In the next step, the whole dataset was recalculated using i-STAT pO2 and pCO2 values, while leaving the initial hemoglobin and temperature values. As the software is expecting transcutaneous pO2 values, pO2 values used have been corrected with a factor of 0.76 to match the systematic difference between transcutaneous measurements and an arterial blood draw observed in our study.
Figure 2 shows the re-calculated Bland-Altman plots using this new dataset. Of course, pO2 and PCO2 have been excluded now, as these would be the same values. In addition, the right panel also shows on the left of each Bland-Altman plot a distribution plot of differences between measurements by the two methods.
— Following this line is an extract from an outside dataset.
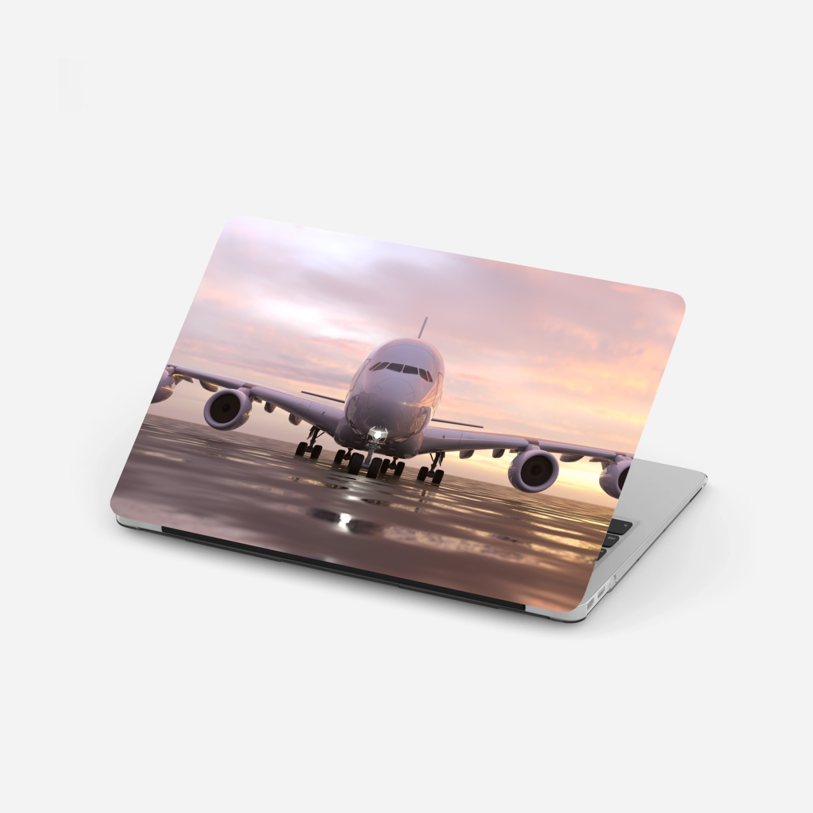Laptop-Aufkleber Jet auf der startbahn bei sonnenuntergang
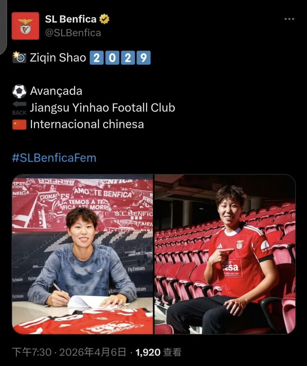 北京时间4月6日,葡萄牙本菲卡女足正式官宣,中国女足国脚、江苏籍中锋邵子钦成功加盟球队,双方签约至2029年。这位23岁的女足锋线新星,将在2026-2027赛季登陆葡萄牙女子全国联赛,携手葡超女足豪强向女足欧冠赛场发起冲击。此次留洋,既是邵子钦职业生涯迎来的重磅跨越,更是她冲刺顶级中锋行列、向着世界足坛至高荣誉迈进的关键一步。

The red curve represents Normal distribution.
Figure 2 shows that while sodium, potassium, chloride and ionized Calcium are not altered significantly by using the i-STAT values for pO2 and pCO2 (Panels 1-4), pH (panel 5) shows a lower standard deviation of 0.08 from 0.11, bicarbonate (panel 6) shows a lower standard deviation of 4.17 from 5.32, the standard deviation for oxygen saturation very significantly decreases from 2.7 to 0.35 and the same is true for the standard deviation of total carbon dioxide, which decreases from 5.25 to 4.11, generally bringing the limits of agreement within the acceptable and clinically relevant range.
Table 2 compares the comfort level of the study participants for both approaches. Participants filled out the questionnaire directly after their participation.